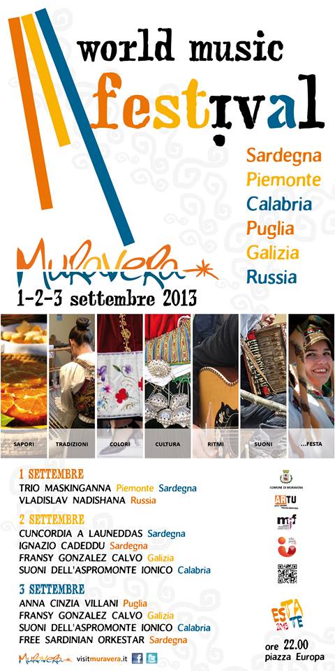 1° WORLD MUSIC FESTIVAL – MURAVERA – 1-2-3 SETTEMBRE 20131st WORLD MUSIC FESTIVAL – MURAVERA – SEPTEMBER 1 TO 3
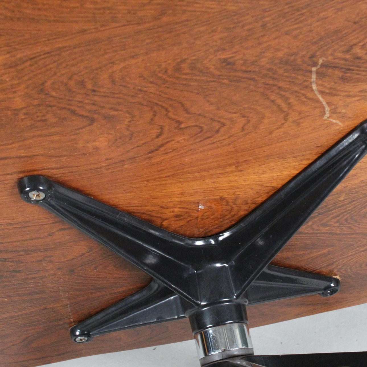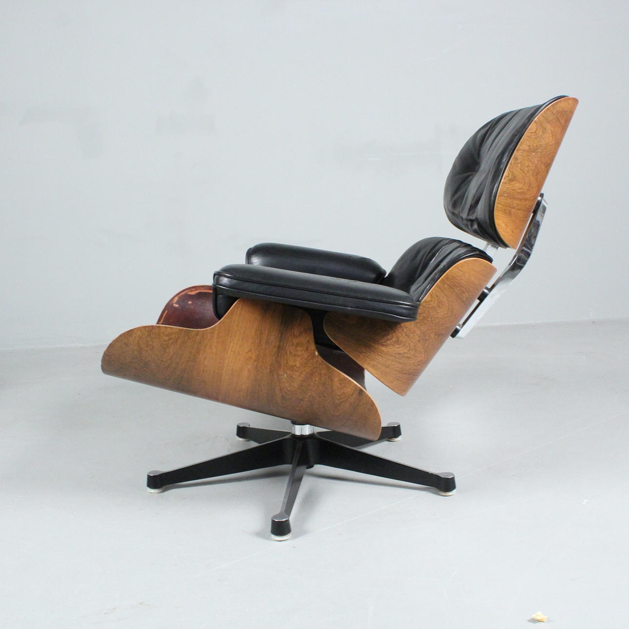 CHARLES & RAY EAMES, för Herman Miller, ”Solstol”, Vitra. Roterbar aluminiumbas med plywoodskal. Avtagbar svart läderklädsel.
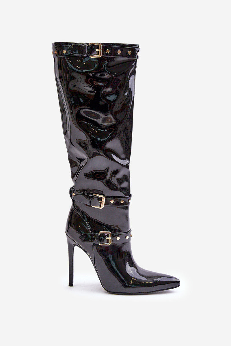 Bottes élégantes à talons aiguilles pour femmes en éco-cuir laqué, qui impressionnent par leur design élégant et leur finition soignée.
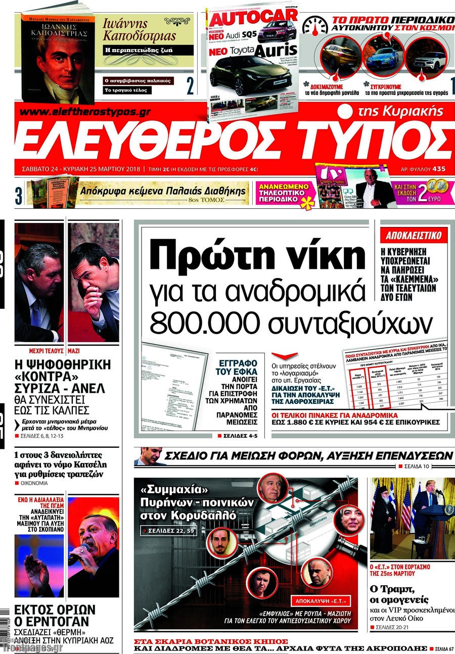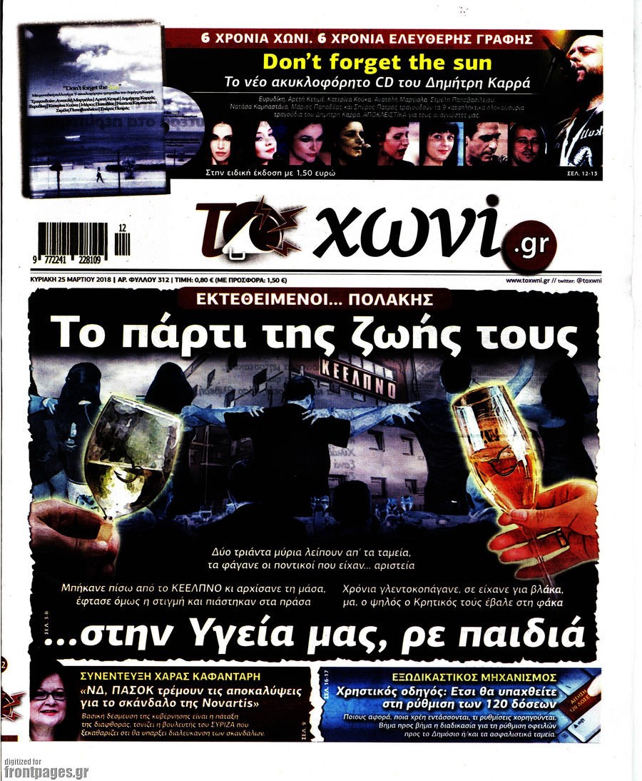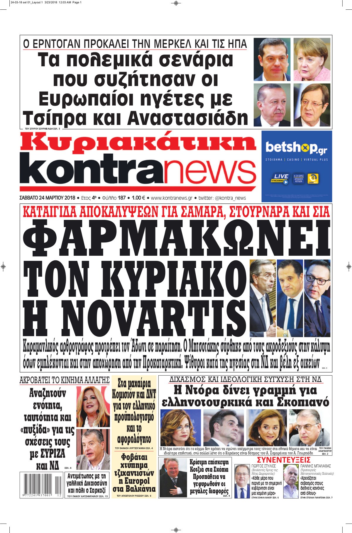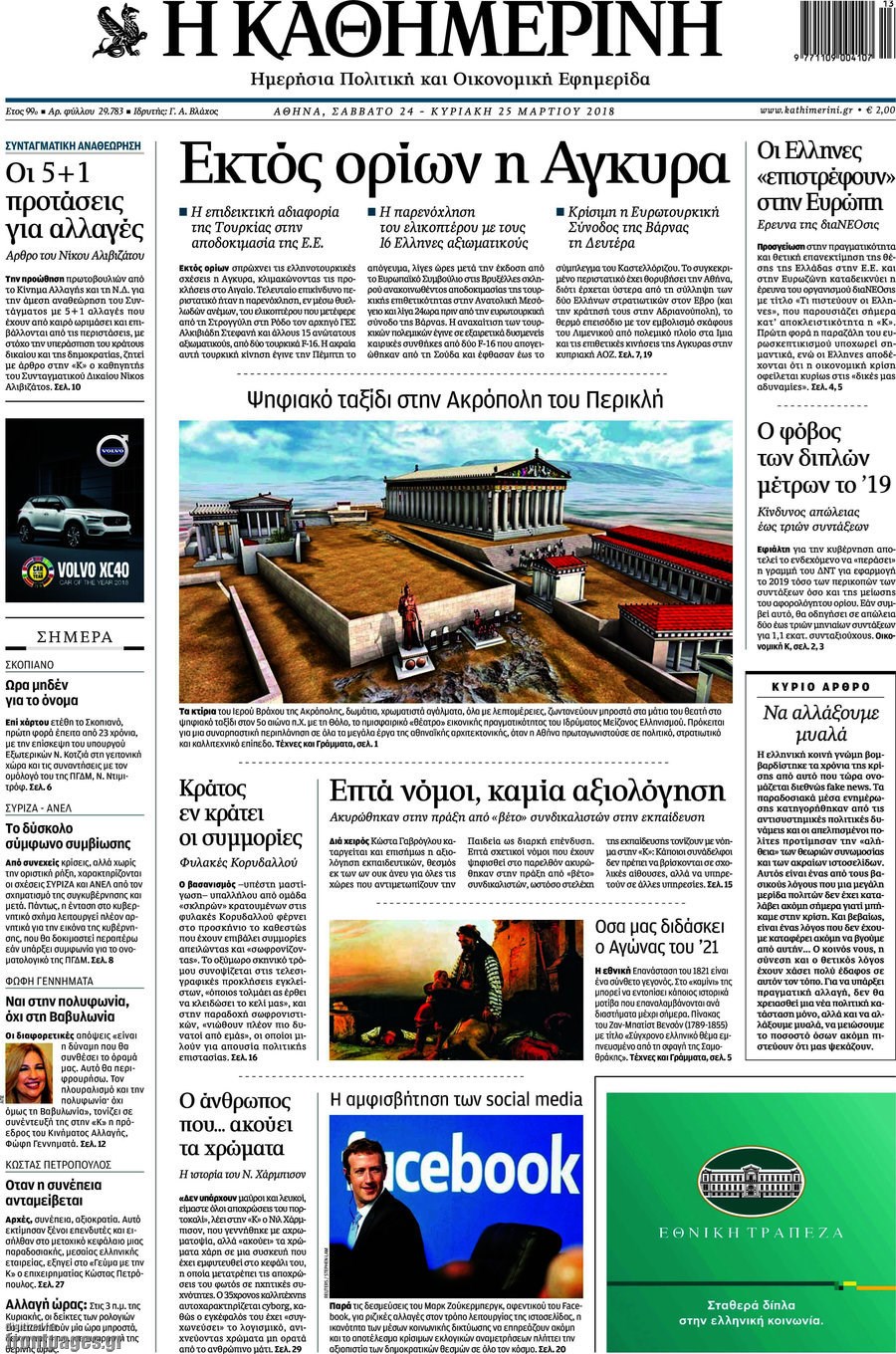Οι πολιτικές εφημερίδες 24/3/2018 Enikos Newsroom 07:43, Σάββατο 24 Μαρτίου 2018 Media Διαβάστε τα σημερινά πρωτοσέλιδα των πολιτικών εφημερίδων: ΠΟΛΙΤΙΚΕΣ ΕΦΗΜΕΡΙΔΕΣ ΠΡΩΤΟΣΕΛΙΔΑ Μοιράσου το: σχολίασε κι εσύ (0 σχόλια) Ακολουθήστε το enikos.gr στο Google News και μάθετε πρώτοι όλες τις ειδήσεις Δείτε όλες τις τελευταίες ειδήσεις από την Ελλάδα και τον Κόσμο στο enikos.gr Ειδήσεις Ροή Ειδήσεων 3 ώρες πριν Πώς δρούσε το κύκλωμα που διακινούσε ναρκωτικά σε σχολεία – Υπέβαλαν σε βασανιστήρια όσους δεν τηρούσαν τους «κανόνες πειθαρχίας» 4 ώρες πριν Αγρότες: Γιορτές στα μπλόκα με ανοιχτά διόδια – Δικογραφία στα Ιωάννινα για το σήκωμα των μπαρών 3 ώρες πριν Ζελένσκι: Οι Αμερικανοί πρότειναν συνάντηση Ουκρανίας, ΗΠΑ, Ρωσίας στο Μαϊάμι 2 ώρες πριν Τραμπ: Πώς περνάει τις γιορτές των Χριστουγέννων – Τα δώρα που κάνει στα εγγόνια του 2 ώρες πριν Μικαέλα Μπέντχαους: Ο πρώτος άνθρωπος σε αναπηρικό αμαξίδιο που ταξίδεψε στο διάστημα – ΒΙΝΤΕΟ 4 ώρες πριν Η τύχη χαμογελά σε 3 ζώδια έως τις 28 Δεκεμβρίου – «Προσέξτε τις επιλογές σας και η επιμονή σας θα ανταμειφθεί» 5 ώρες πριν Μία ανεκμετάλλευτη πηγή θα μπορούσε να προσφέρει ανεξάντλητη ενέργεια – Οι επιστήμονες ίσως γνωρίζουν πώς να την ξεκλειδώσουν 1 ώρα πριν Μήπως οι γιορτές σας δεν είναι τόσο τέλειες; 7 χριστουγεννιάτικες συνήθειες που μαρτυρούν ότι μια οικογένεια είναι δυσλειτουργική 11 ώρες πριν Enerwave: Το νέο «ρεύμα» στη λιανική ενέργειας που αλλάζει την εμπειρία του καταναλωτή 8 λεπτά πριν Πώς να απαλλαγείτε από τη μυρωδιά του τηγανητού φαγητού: Το μυστικό βρίσκεται στην κουζίνα σας 14 λεπτά πριν Βλαχοδήμος: «Νιώθω καλά που είμαι σημαντικός για τη Σεβίλλη» – Τι είπε για τη Ρεάλ Μαδρίτης και τον Μπαπέ 23 λεπτά πριν Πρίγκιπας Ουίλιαμ: Μαγείρεψε παρέα με τον πρίγκιπα Τζορτζ για τους αστέγους – ΦΩΤΟ και ΒΙΝΤΕΟ 31 λεπτά πριν Επιχείρηση της Τροχαίας κατά της παράνομης στάθμευσης στο Νέο Ψυχικό – Τέσσερις συλλήψεις 41 λεπτά πριν Κυριάκος Μητσοτάκης: Στην Ιερουσαλήμ την Τρίτη ο Πρωθυπουργός για την τριμερή Ελλάδας, Κύπρου, Ισραήλ – Θα συναντηθεί και με τον Αμπάς ENIKOS NETWORK Οι γυναίκες αποκαλύπτουν το πιο ελκυστικό πράγμα που μπορεί να κάνει ένας άνδρας Ομορφιά και αντιγήρανση: Ειδικοί μιλούν για συσκευές περιποίησης του δέρματος Θεοδωρικάκος: Εθνική στρατηγική για τους ημιαγωγούς – Πρώτο βήμα η χρηματοδότηση του πρώτου Κέντρου Ικανοτήτων, με 3,63 εκα... Επίδομα θέρμανσης: Μπαίνει η πρώτη δόση την Τρίτη – Οι επόμενες πληρωμές Χαρτογραφώντας το «σημείο χωρίς επιστροφή»: Για πρώτη φορά αποκαλύπτεται με λεπτομέρεια το ακανθώδες όριο της ατμόσφαιρας τ... Η Google καταργεί τη λειτουργία «dark web report» – Πώς θα μπορούν οι χρήστες να διαγράφουν τα δεδομένα τους περισσότερα 18:19 , Σάββατο 20 Δεκεμβρίου 2025 HOTΕΛ ΕΛVIRA: Η Ελβίρα μαθαίνει πως ο Χάρι μένει κρυφά στο ξενοδοχείο του Παντελή Συνεχίζονται οι εκλογές για πρόεδρο, στο νέο επεισόδιο της κωμικής σειράς του MEGA, HOTΕΛ ΕΛVI... 14:04 , Σάββατο 20 Δεκεμβρίου 2025 Η Realnews αυτής της Κυριακής (21/12/2025) Με τίτλο: «Ασπίδα προστασίας για την Ελλάδα» κυκλοφορεί, αυτήν την Κυριακή, η Realnews. Σημαντ... 12:53 , Σάββατο 20 Δεκεμβρίου 2025 Να μ’ αγαπάς: Το παρελθόν έρχεται στο φως – Καταιγιστικές εξελίξεις στα τελευταία επεισόδια του 2025 Ο Άγγελος αποκαλύπτεται, η Φωτεινή ανησυχεί για τον Λευτέρη και η Ζωή έρχεται αντιμέτωπη με το... 11:41 , Σάββατο 20 Δεκεμβρίου 2025 «Η αγάπη δεν χάνεται ποτέ»: Η μικρού μήκους ταινία κινουμένων σχεδίων που θέτει ερωτή
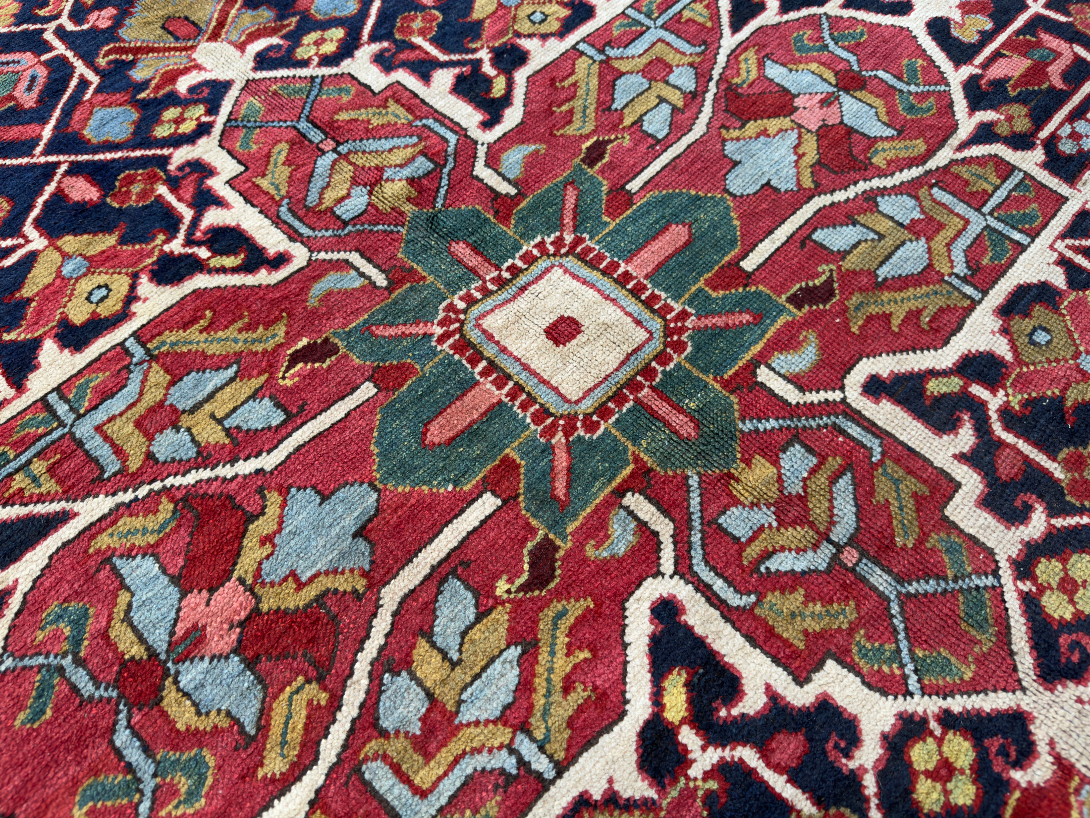 The reason Heriz rugs are so tough is that Mount Sabalan is located close to Heriz and sits on a major deposit of copper. Traces of copper in the drinking water for the sheep produces high quality wool that is far more resilient than wool from other areas.

════════════════════

Work required
Retype only the lines that run from the first line of the entries above to the line containing "Bottes élégantes à", both included. Do not carry over any pictures.

Solution to the exercise
 1° WORLD MUSIC FESTIVAL – MURAVERA – 1-2-3 SETTEMBRE 20131st WORLD MUSIC FESTIVAL – MURAVERA – SEPTEMBER 1 TO 3
 CHARLES & RAY EAMES, för Herman Miller, ”Solstol”, Vitra. Roterbar aluminiumbas med plywoodskal. Avtagbar svart läderklädsel.
 Bottes élégantes à talons aiguilles pour femmes en éco-cuir laqué, qui impressionnent par leur design élégant et leur finition soignée.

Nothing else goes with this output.